NPF4 call for ideas: analysis of responses

Independent analysis of responses to the call for ideas to inform the preparation of a new National Planning Framework (NPF), launched in January 2020.


Proposed key objective of NPF4: To support the sustainable growth of the finfish and shellfish sectors to ensure that the aquaculture industry is diverse, competitive and economically viable and that new development is guided to coastal locations that best suit industry needs with due regard to the marine environment.

An alternative wording of the key objective was proposed in order to both take account of other planning considerations and ensure support for small scale start-up businesses. It was suggested the objective should read:

'To support the sustainable growth of the finfish and shellfish sectors to ensure that the aquaculture industry is diverse and competitive. New development is guided to appropriate locations with due regard to the marine environment, carrying capacity and novel technologies, such as closed-containment and non-chemical sea lice treatments for finfish aquaculture.'

The need for NPF4 to ensure alignment of terrestrial planning processes with the National Marine Plan and subsequent regional marine plans was also highlighted. Specifically, it was argued NPF4 should reference:

  • The need for aquaculture to take full and considered account of Scotland's network of marine protected areas including national nature conservation marine protected areas.
  • The suite of proposed marine Special Protection Areas and marine Special Areas of Conservation.

Sustainable development of the aquaculture sector was suggested to require implementation of higher standards of environmental regulation to safeguard marine protected species and habitats, including priority marine features.

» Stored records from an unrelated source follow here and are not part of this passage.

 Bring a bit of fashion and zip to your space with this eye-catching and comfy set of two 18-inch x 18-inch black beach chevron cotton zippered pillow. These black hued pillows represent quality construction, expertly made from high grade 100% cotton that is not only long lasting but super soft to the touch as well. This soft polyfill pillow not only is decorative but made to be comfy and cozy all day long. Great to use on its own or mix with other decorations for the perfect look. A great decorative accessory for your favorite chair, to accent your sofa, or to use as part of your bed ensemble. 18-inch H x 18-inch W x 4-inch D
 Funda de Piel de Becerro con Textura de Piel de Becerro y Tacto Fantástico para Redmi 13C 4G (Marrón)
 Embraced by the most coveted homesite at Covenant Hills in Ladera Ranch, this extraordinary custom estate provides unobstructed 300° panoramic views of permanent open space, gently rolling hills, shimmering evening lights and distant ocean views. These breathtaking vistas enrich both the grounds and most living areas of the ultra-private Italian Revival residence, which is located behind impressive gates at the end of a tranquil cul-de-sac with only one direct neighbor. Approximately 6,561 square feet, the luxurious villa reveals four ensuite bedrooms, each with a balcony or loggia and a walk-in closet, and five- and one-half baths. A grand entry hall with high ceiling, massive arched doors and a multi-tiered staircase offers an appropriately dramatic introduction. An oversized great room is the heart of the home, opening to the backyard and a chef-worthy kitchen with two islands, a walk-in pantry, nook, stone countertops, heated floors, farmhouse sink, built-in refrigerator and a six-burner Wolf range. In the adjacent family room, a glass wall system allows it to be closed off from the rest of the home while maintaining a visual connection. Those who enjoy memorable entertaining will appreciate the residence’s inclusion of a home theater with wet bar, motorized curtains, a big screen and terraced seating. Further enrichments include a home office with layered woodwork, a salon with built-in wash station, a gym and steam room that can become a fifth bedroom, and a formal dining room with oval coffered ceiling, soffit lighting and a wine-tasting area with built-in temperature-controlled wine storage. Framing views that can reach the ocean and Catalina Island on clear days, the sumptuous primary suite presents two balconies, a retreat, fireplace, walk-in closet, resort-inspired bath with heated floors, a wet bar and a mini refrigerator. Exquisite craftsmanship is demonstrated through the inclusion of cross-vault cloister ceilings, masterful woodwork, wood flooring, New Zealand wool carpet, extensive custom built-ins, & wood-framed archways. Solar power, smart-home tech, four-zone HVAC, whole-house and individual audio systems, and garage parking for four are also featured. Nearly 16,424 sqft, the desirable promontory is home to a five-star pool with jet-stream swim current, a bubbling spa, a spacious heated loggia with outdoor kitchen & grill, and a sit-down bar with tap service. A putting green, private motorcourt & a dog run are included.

It was suggested that there is currently a lack of explicit guidance on aquaculture despite the size of the salmon farming industry and the controversial nature of some developments. Lack of guidance was argued to create uncertainty for both policy makers and developers. Specific suggestions included:

  • Clarification of responsibility for each aspect of the aquaculture assessment process. A need for clarity on where different agencies' responsibilities lie in relation to sea lice, fish health, disease management areas and interactions with wild fish populations was highlighted.
  • Clear guidance on issues associated with a move of fish farm sites out of enclosed lochs into open coastal waters.
  • Updating Circular 1/2015 to reflect changes in marine and coastal development and planning, potential changes in foreshore and seabed ownership and control and to better acknowledge the advent of marine planning.

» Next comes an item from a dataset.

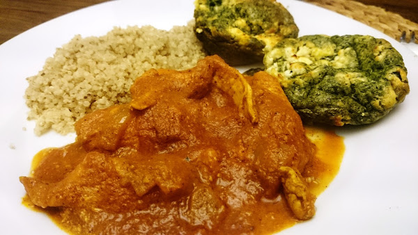Una vez pochada la cebolla, añadimos el pollo y cocinamos durante 4-5 minutos, removiendo hasta que se dore. Añadimos el ajo y cocinamos 1 minuto más. Incorporamos la pulpa y el puré de tomate removiendo, llevamos a ebullición y bajamos el fuego para que cueza durante 4-5 minutos, hasta que el pollo esté hecho.

The work of the Regulators Technical Working Group to look at providing better spatial planning advice was supported.

Creation of a National Aquaculture Technology and Innovation Hub was proposed as a National Development. It would create the UK's leading innovation community for sustainable aquatic food production and lead development of new technologies and systems required to support growth in the production of aquatic food for human consumption, while reducing the impact on natural resources.

Finfish aquaculture

It was argued that current policy that presumes 'against further marine finfish farm developments on the north and east coasts to safeguard migratory fish species' implicitly accepts that further finfish farm development is not compatible with safeguarding migratory fish. However, conservation of these species on the west coast and islands is not addressed and it was proposed that future policy must be science-led to identify areas of opportunity and constraint around the entirety of Scotland's coastline.

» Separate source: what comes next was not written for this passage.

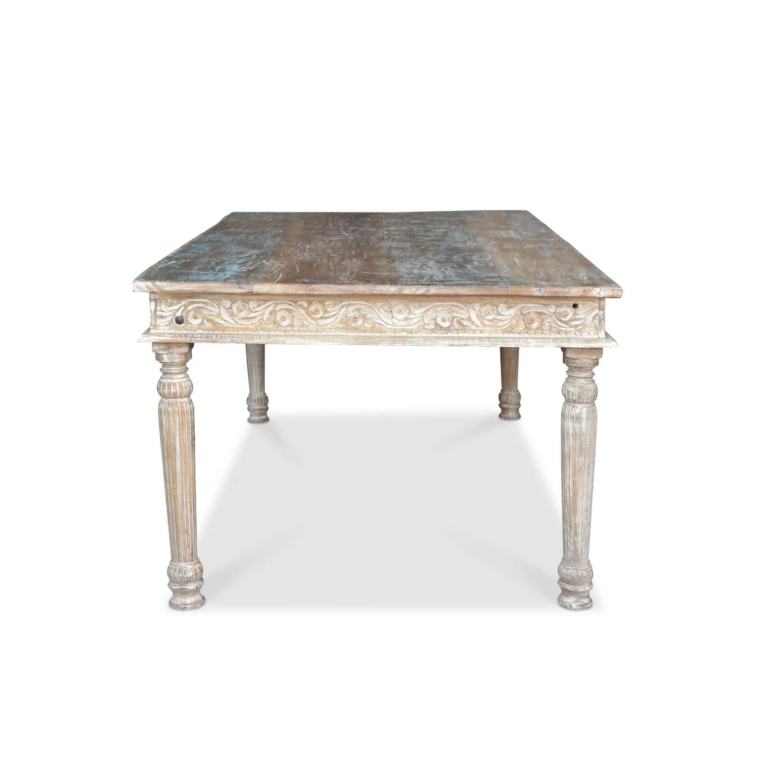 Elevate your dining experience with this exquisite reclaimed wood dining table. Crafted from light-colored wood with a rich natural finish, this piece is a versatile addition to any home decor. The intricate carved details add a touch of vintage elegance, making it a true masterpiece. Hand-crafted from high-quality timber, our dining table is built to withstand frequent use and retain its impeccable industrial, rustic, and vintage charm.
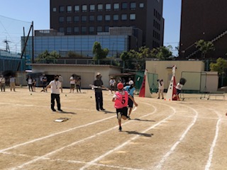 6年生が最高学年としてのリレーで懸命に走っています。

An enquiry into the effects of commercial fish-farming and designated places for aquaculture was also suggested.

It was argued that NPF4 should make direct reference to working with SEPA via the guidance of the Finfish Aquaculture Sector Plan and to the revised regulatory framework for this sector. It should also reference the outputs of the Rural Economy and Connectivity Committee 9th Report on Salmon Farming in Scotland, which informed the plan and regulatory framework.